• Exercise prompt
Every word in the data below belongs in your copy, exactly as given; the pictures do not.

• Data below
# # #
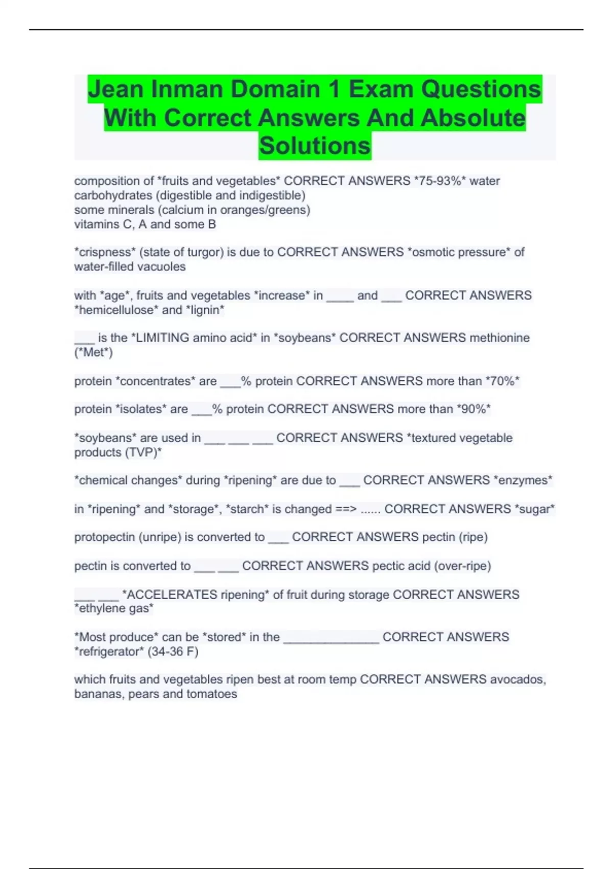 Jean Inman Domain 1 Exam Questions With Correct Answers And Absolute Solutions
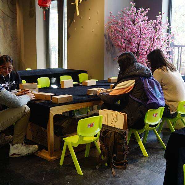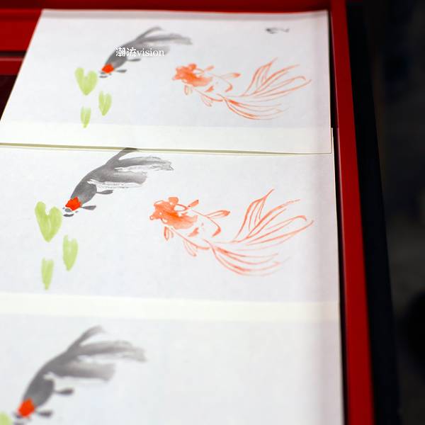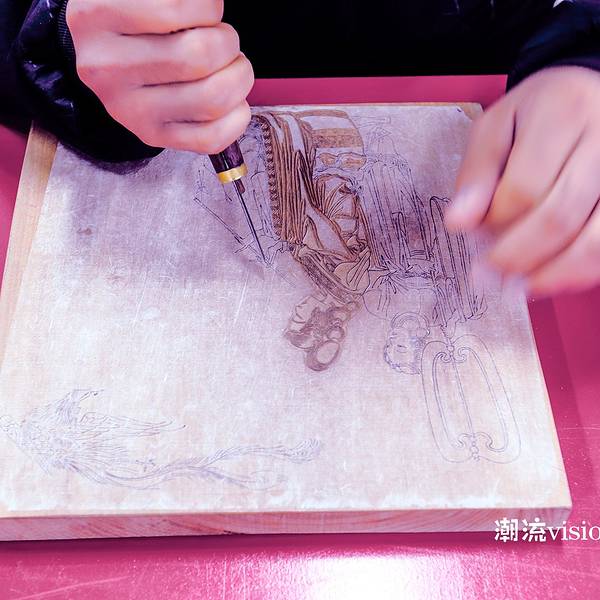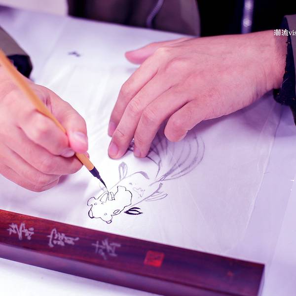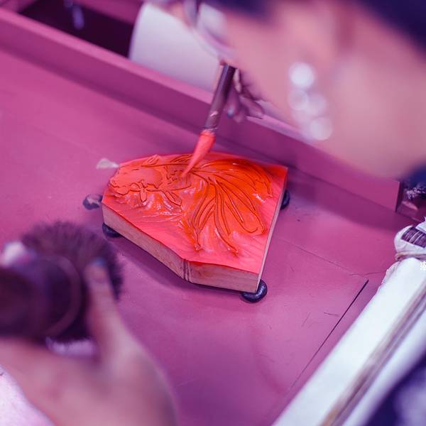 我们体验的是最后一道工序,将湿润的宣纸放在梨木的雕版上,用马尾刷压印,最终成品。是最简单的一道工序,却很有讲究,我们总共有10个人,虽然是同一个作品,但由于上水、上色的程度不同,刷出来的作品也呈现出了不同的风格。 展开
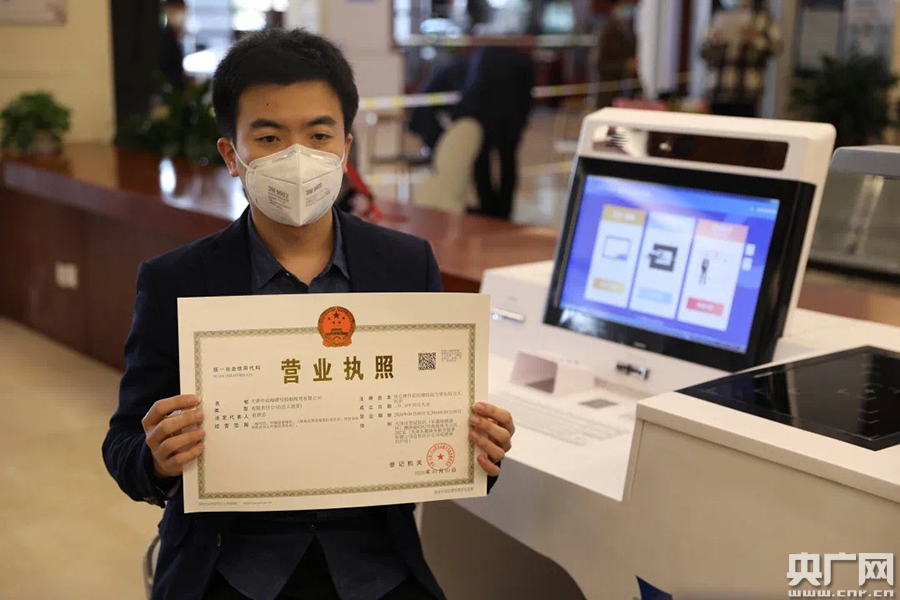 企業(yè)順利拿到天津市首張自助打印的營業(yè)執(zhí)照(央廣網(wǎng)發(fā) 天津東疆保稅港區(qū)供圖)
# # #
• Exercise result
 Jean Inman Domain 1 Exam Questions With Correct Answers And Absolute Solutions
 我们体验的是最后一道工序,将湿润的宣纸放在梨木的雕版上,用马尾刷压印,最终成品。是最简单的一道工序,却很有讲究,我们总共有10个人,虽然是同一个作品,但由于上水、上色的程度不同,刷出来的作品也呈现出了不同的风格。 展开
 企業(yè)順利拿到天津市首張自助打印的營業(yè)執(zhí)照(央廣網(wǎng)發(fā) 天津東疆保稅港區(qū)供圖)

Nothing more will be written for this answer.